A significant criticism of the current system of residency for taxation purposes regards concerns that individuals are able to avoid taxation through manipulation of their residency status. In the report “Tackling Abuses – Tackling Unemployment”, Rt Hon Gordon Brown MP, then Shadow Chancellor for the Exchequer commented that “[i]n Britain, it is easy for a few, even if they live or work here to avoid substantial amounts of tax through claiming to be non-resident or non-domiciled”.[29] Brown provided an example of how such avoidance might be achieved under the then legislation; “Today it is possible for an individual to fly into Britain every day of the year and not be treated as resident if he is absent for a few hours of each day[30]. The ‘present at midnight’ qualification partly closed this apparent loophole although individuals could potentially still manipulate their residency status by avoiding presence in the UK at midnight for each relevant day. In response to this criticism, the new legislation aimed “has been designed so that it is harder to become non-resident when leaving the UK after a period of residence than it is to become resident when an individual comes to the UK.”[31] This design is reflected in the sufficient ties test where those individuals who were resident in the prior three years are required to show that they possess less ties to the UK than those individuals who were not resident in the previous three years.[32] Although the potential for manipulation has not been closed it will make the task considerably more onerous for those with UK ties to avoid taxation through simply flying in and out of the UK.

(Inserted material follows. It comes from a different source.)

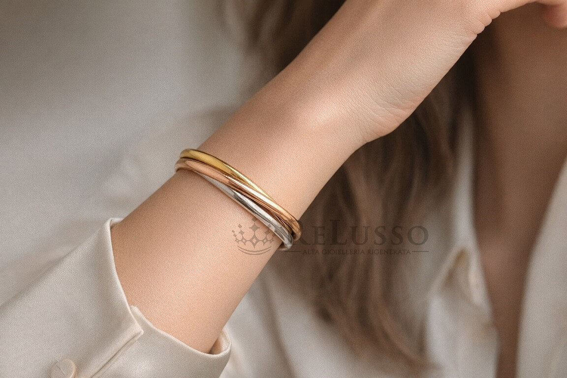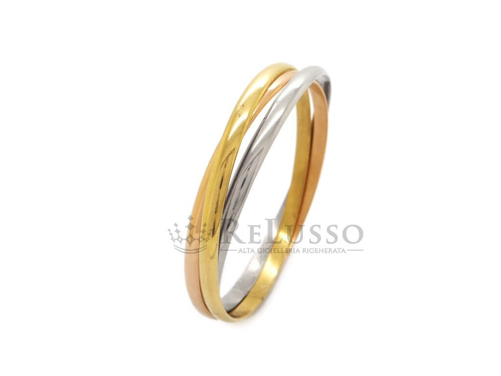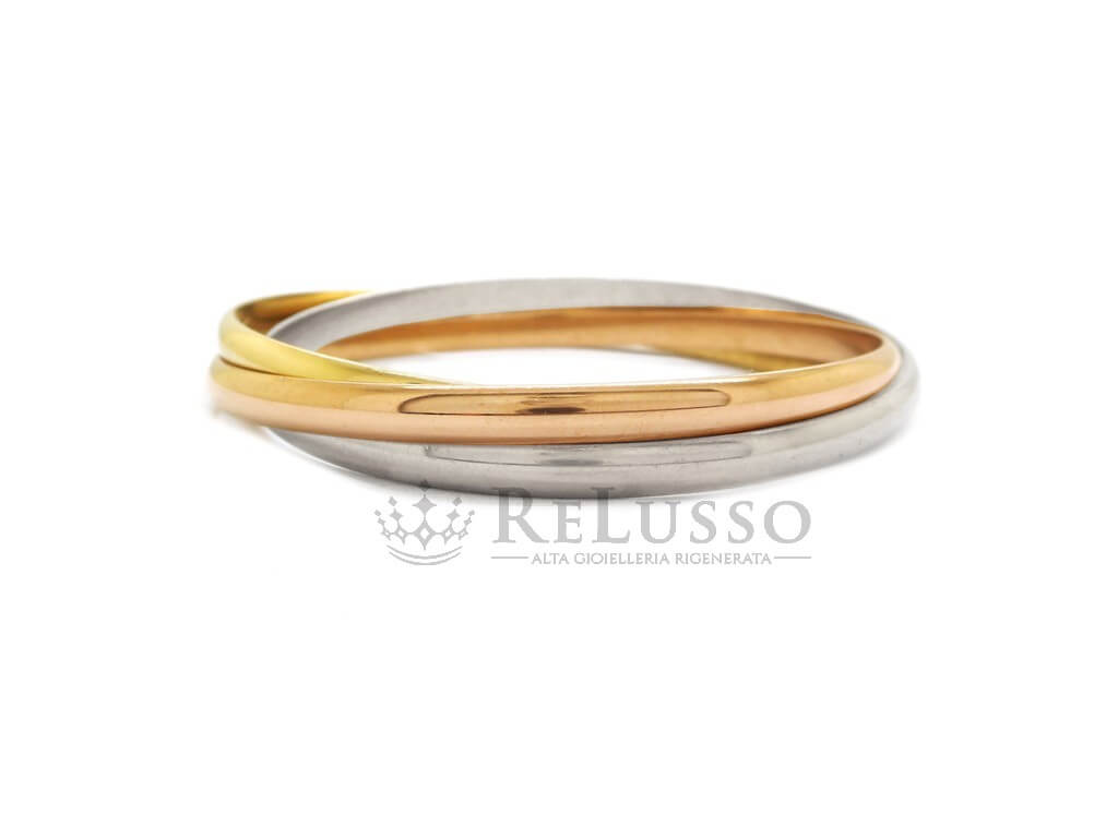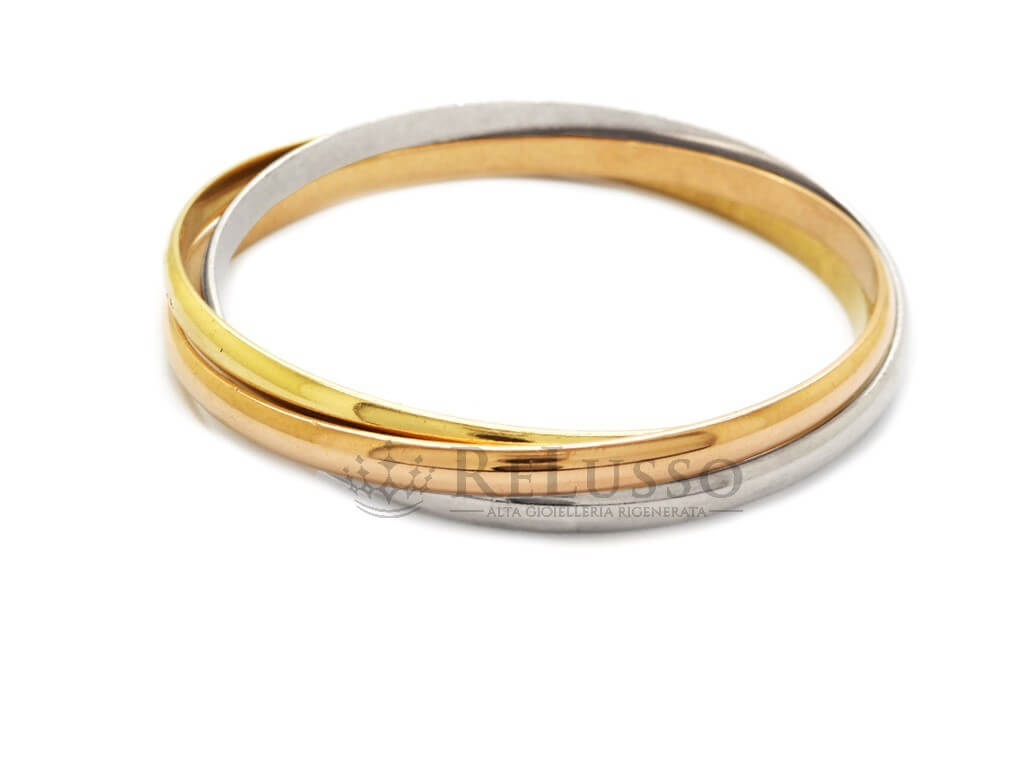 Trois anneaux entrelacés en or rose, or jaune et or blanc 18kt, qui glissent avec fluidité autour du poignet. Une signature esthétique reconnaissable entre toutes.

Criticisms of the proposed Statutory Residence Test

In the introduction to the Consultation paper for the proposed statutory residence test, it was stated that “[t]he Government is therefore committed to introducing a statutory test that is transparent, objective, and simple to use. This will enable taxpayers to assess their residence status in a straightforward way.”[33] While the proposed legislation may have increased certainty through greater employment of quantitative methods of assessing residency, there has been strong criticism[34] that the proposed statutory residence test is not ‘simple to use’. The basis of this criticism is that there remains many undefined or ambiguous terms and expressions in the proposed legislation.[35] A specific example of this ambiguity, pointed out by respondees to the consultation report document, is the failure of the proposed legislation to define the expression ‘only home’.[36] The government’s response to this criticism has been to concede that “it would be extremely difficult to provide a precise definition given the wide variety of living patterns adopted by individuals and their families.”[37] The Government further argued that “[a]ny detailed definition would run the risk of inadvertently including or excluding certain individuals from the test because of the way in which they chose to live their lives.[38] While this lack of clear definition will allow the courts to retain some flexibility and discretion concerning tax residency laws, the result for individuals with complex living and working arrangements is that they will still most likely be required to seek professional assistance when determining their tax residency. In this respect, the proposed legislation is not an improvement on the current residency regime and the Government’s aim of developing a system that is ‘will enable taxpayers to assess their residence status in a straightforward way’ has clearly failed.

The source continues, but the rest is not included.